A Note to Dele Momodu, Purveyor-General of Deception

A Note to Dele Momodu, Purveyor-General of Deception

By Horatio Adurogbangba

Dele Momodu has once again exhibited his unique talent for spinning fables without even a thread of truth connected to his prolific eruption of words. It is his penchant to attempt turning a grain of sand into a mountain, or ants into giants.

Perhaps, too nimble with the pen while too careless with factual analysis, Momodu is more showman than journalist. He seeks sensation and attention more than veracity. Sadly, his ego, swashbuckling pen, his passing acquaintance with the truth, all highlighted on the back page of THISDAY Newspaper, means that he is well-placed to spin false narratives that sometimes trap the uncritical reader. More often than not, Momodu is hoisted and entrapped by his artifices.

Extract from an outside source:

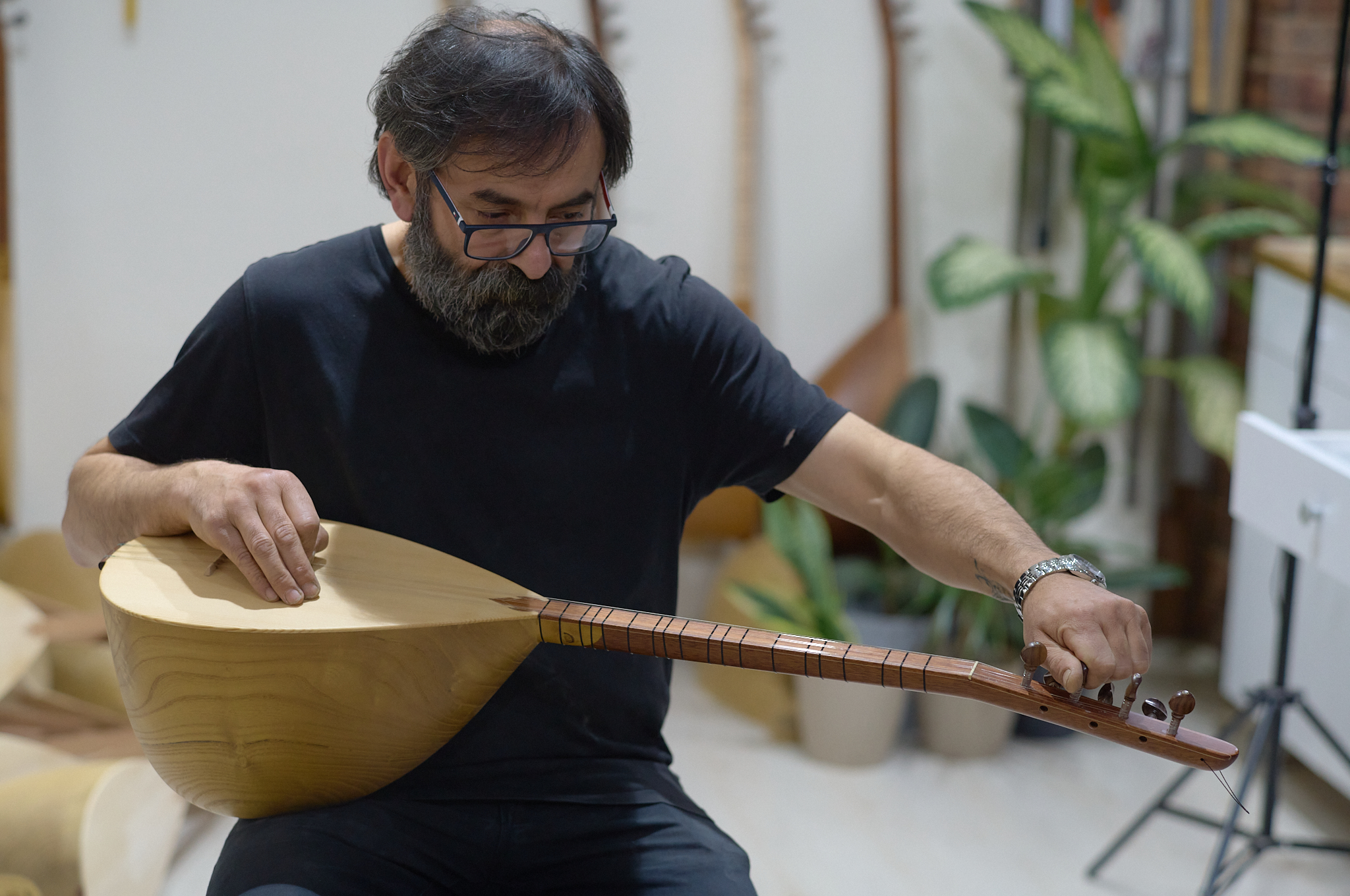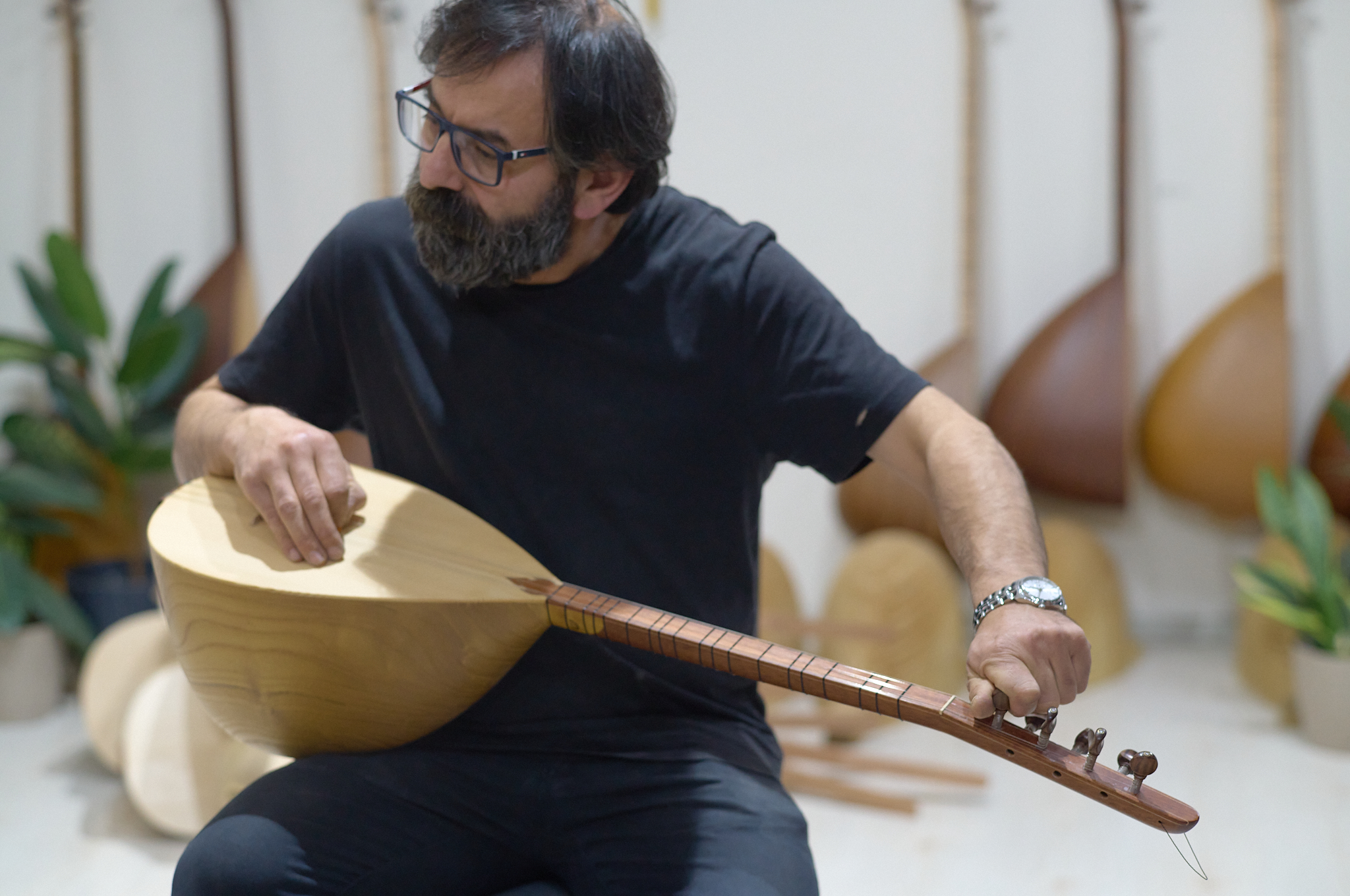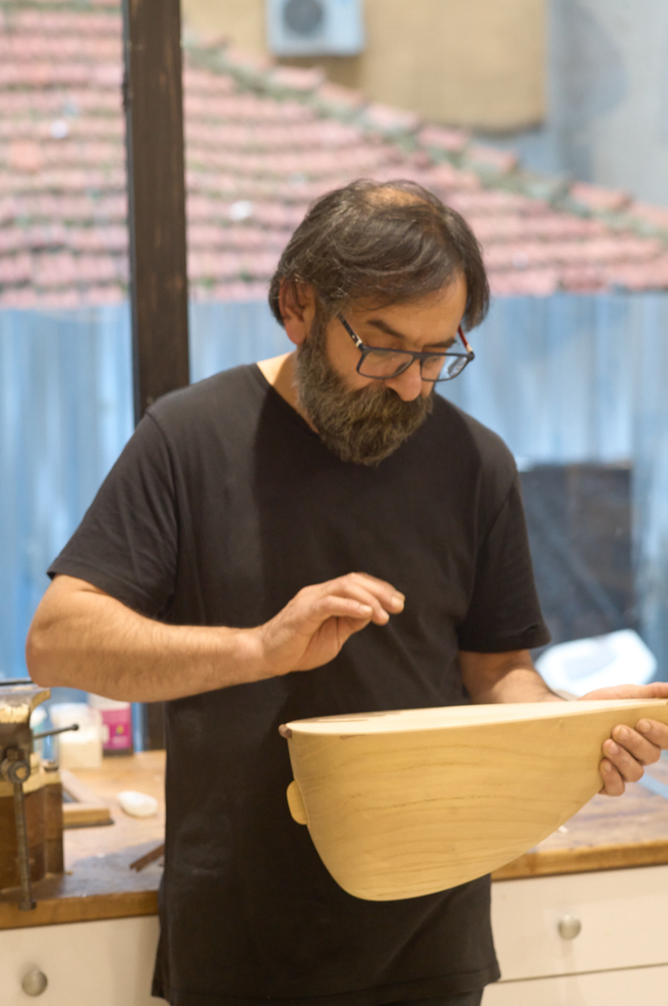 j’ai eu la chance de rencontrer Kenan, artisan-luthier passionné, qui m’a chaleureusement ouvert son atelier. Dans le parfum du bois fraîchement travaillé et le silence vibrant des cordes, j’ai découvert un artisan habité par la quête de justesse et de résonance. Sa manière de donner vie à l’instrument rejoignait ma propre recherche : capter la lumière, saisir l’instant, transmettre une vérité.

Three examples will suffice. During the Osun gubernatorial campaigns, Momodu falsely claimed that the Economic and Financial Crimes Commission (EFCC) had frozen seven bank accounts belonging to Senator Ademola Adeleke and his family, including popular musician Davido. Momodu later had to apologize for this flight of fancy. However, unrepentant in his pursuit of untrue scandal, Momodu quickly moved into another fabrication: He circulated a video of an American man declaring his support for Senator Iyiola Omisore as Governor of Osun State. This video was quickly debunked by an activist, Kayode Ogundamisi, who showed that the video was clickbait created via an online platform called ‘Video Spokesperson’ that allows purchasers to create such pretend or jocular videos for $30. The third instance of Momodu dissembling was when he falsely posited that Femi Otedola had confirmed to him that he would run for Governor of Lagos. Otedola quickly said he never told Momodu such a thing. Momodu never replied to Otedola calling out this outrageous breach of truth and of friendship. It is in this context that we should view Momodu’s recent contribution to the genre of political fiction entitled ‘Buhari, Tinubu and the Abdication of Responsibility’, published in the January 12 edition of THISDAY Newspaper. In this article, Momodu complains that President Buhari intended for Asiwaju Bola Ahmed Tinubu to campaign in his stead. Momodu claimed this is why President Buhari named Asiwaju Tinubu as his campaign co-chair. Momodu went into a verbal tirade that designating Tinubu as co- chairman was a historic abdication of presidential responsibility that should automatically disqualify the president’s re-election bid. One must feel sorry for Momodu. It seems that ever creeping envy has driven the mad hatter even madder.

Momodu squanders an entire page of valuable journalistic real estate on essentially a non-issue. My goodness, every presidential campaign I have ever heard of has a campaign organization wherein someone other than the candidate manages the daily operations of the campaign. Even Momodu’s new found hero, former VP Atiku Abubakar, has people managing his futile run for office. Strange that Momodu grouses about Buhari when Atiku is guilty of like infraction. In fact, objectivity would compel one to admit that a sitting president has a lot of work to do with regard to national governance. It would seem the sitting president has a greater reason to have someone manage his campaign. Atiku, the man of rich and easy leisure, has no such demands on his time and can devote himself fully to the pursuit of what he sees as the golden chalice.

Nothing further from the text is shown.